*** DATA FOR THIS TASK

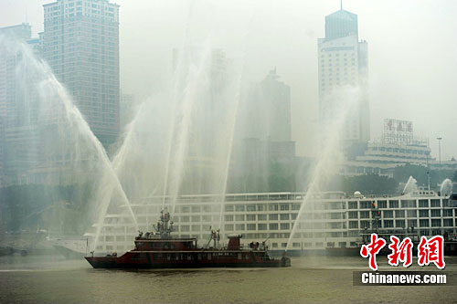 11月8日,重庆水上消防支队联合重庆新世纪游轮有限公司,在大型游轮“世纪天子”号上举行一场火灾扑救综合演习活动。据称,此次演习旨在宣传游轮存在的火灾危险性,提高游客消防安全防范意识,增强水域单位消防安全意识及自防自救能力,同时提高水上消防专业队伍对大型游轮火灾的救援能力,有效预防和遏制水域重特大火灾事故发生。图为演习现场。中新社记者 郭晋嘉 摄
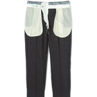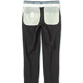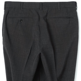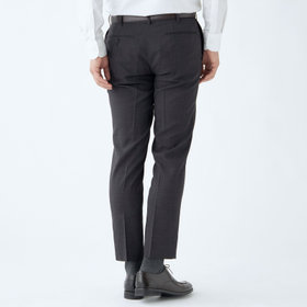 スーツやパンツのサイズ確認は、直立姿勢だけではなく、椅子に座った時の負荷。しゃがんだ時の負荷を考えたサイズ選びを必ずお願いします。ヒップ・太もも部分の生地にゆとりがない場合等の無理なサイズ選びは、体型や動きに関係なく生地や糸に負荷がかかり、「縫い目のほつれ」「生地の破れ」が起こります。また、両太もも同士が当たる場合や生地にゆとりがない場合、股ズレで生地が破れる可能性がございます。実店舗での商品確認・試着にて正しいサイズの購入をお勧めいたします。サイズが合わない事による「縫い目のほつれ」「生地の破れ」は「返品」「交換」「無償修理」はいたしかねます。また商品状態により修理が出来ない場合もございます。
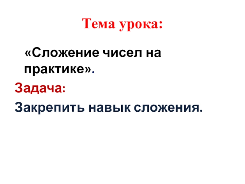 Тема урока:  «Сложение чисел на практике».Задача: Закрепить навык сложения.
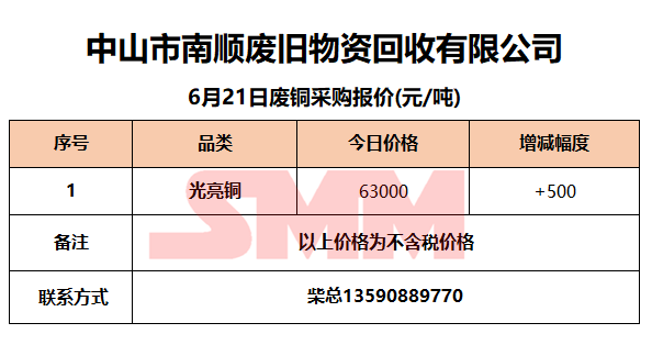 6月21日中山南顺 废铜采购报价
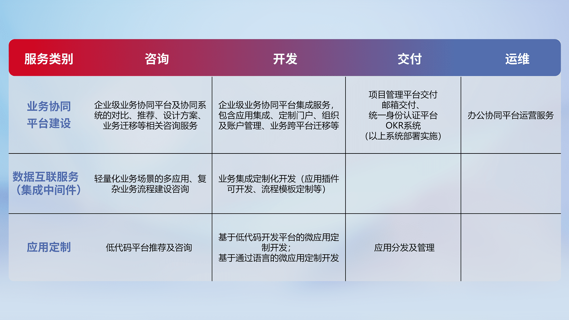 针对钉钉、、、企微、、、IDaas等平台级产品提供产品的规划、、方案、、、交付、、、定制化开发等服务,,实现如统一协同办公、、、智能客户服务、、混合会议管理、、智能数据查询、、等业务场景,,,实现数字化转型。。
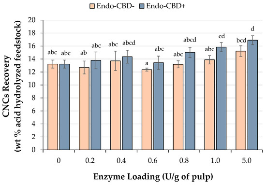 Overall, the improvements (1.2× and 1.3× from Endo-CBD− and Endo-CBD+ treatments, respectively) in CNC recovery from the acid hydrolysis process may have a notable impact in reducing the amount of acid and reagents, energy, and time requirements of subsequent CNC purification processes [32].
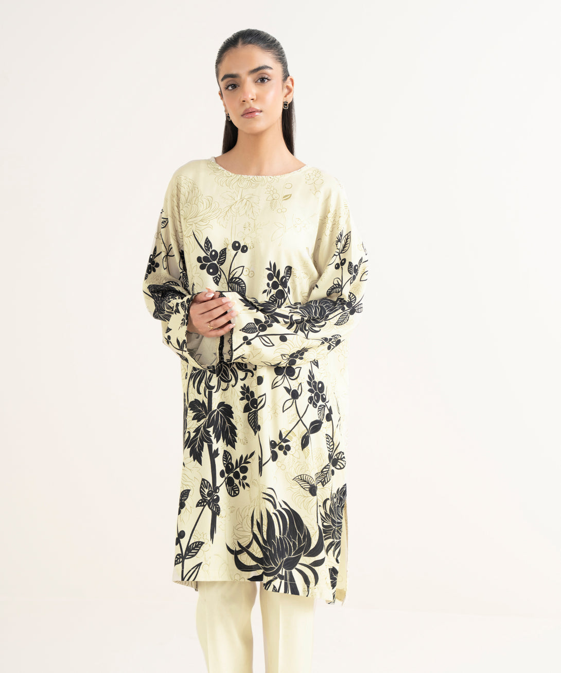 Printed Front Panel, Printed Back Panel, Round Neckline, Full Sleeves, Mid Length
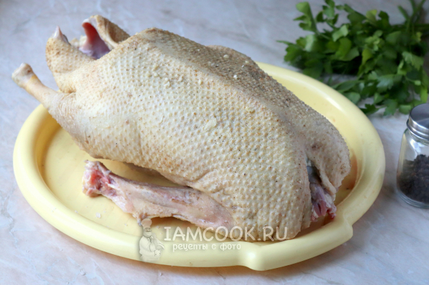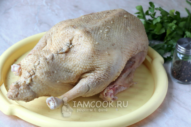 Гуся тщательно помыть под холодной проточной водой. С помощью пинцета удалить остатки перьев и колодочек, в том случае если такие имеются. После чего птицу насухо вытереть бумажным полотенцем и щедро натереть специями и снаружи, и внутри. Кроме соли и чёрного молотого перца, также можно использовать любую приправу для мяса/птицы. Очищенный чеснок пропустить через пресс и промазать чесночной кашицей кожу птицы.
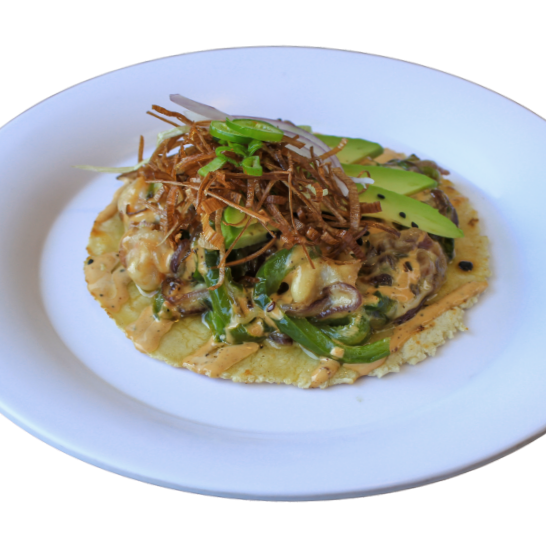 Camarones rancheros con pimientos, queso gratinado y pimientos, queso gratinado y pimientos, queso gratinado y aguacate 100g
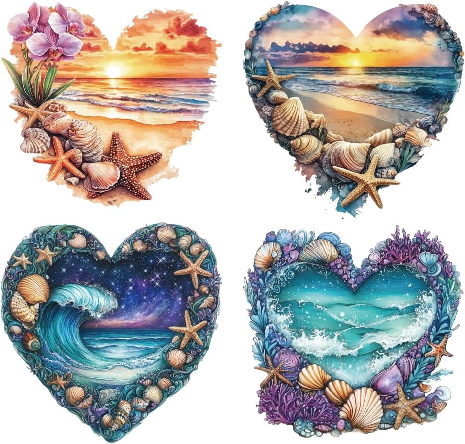 4Pcs 4 Styles Ocean Theme Plastic Heat Transfer Film Logo Stickers Set ...

******

## ACTIVITY
At the line containing "Camarones rancheros con", start reproducing exactly, and stop after the last line of the listing; include both ends, and leave the pictures out.

## WRITTEN SOLUTION
 Camarones rancheros con pimientos, queso gratinado y pimientos, queso gratinado y pimientos, queso gratinado y aguacate 100g
 4Pcs 4 Styles Ocean Theme Plastic Heat Transfer Film Logo Stickers Set ...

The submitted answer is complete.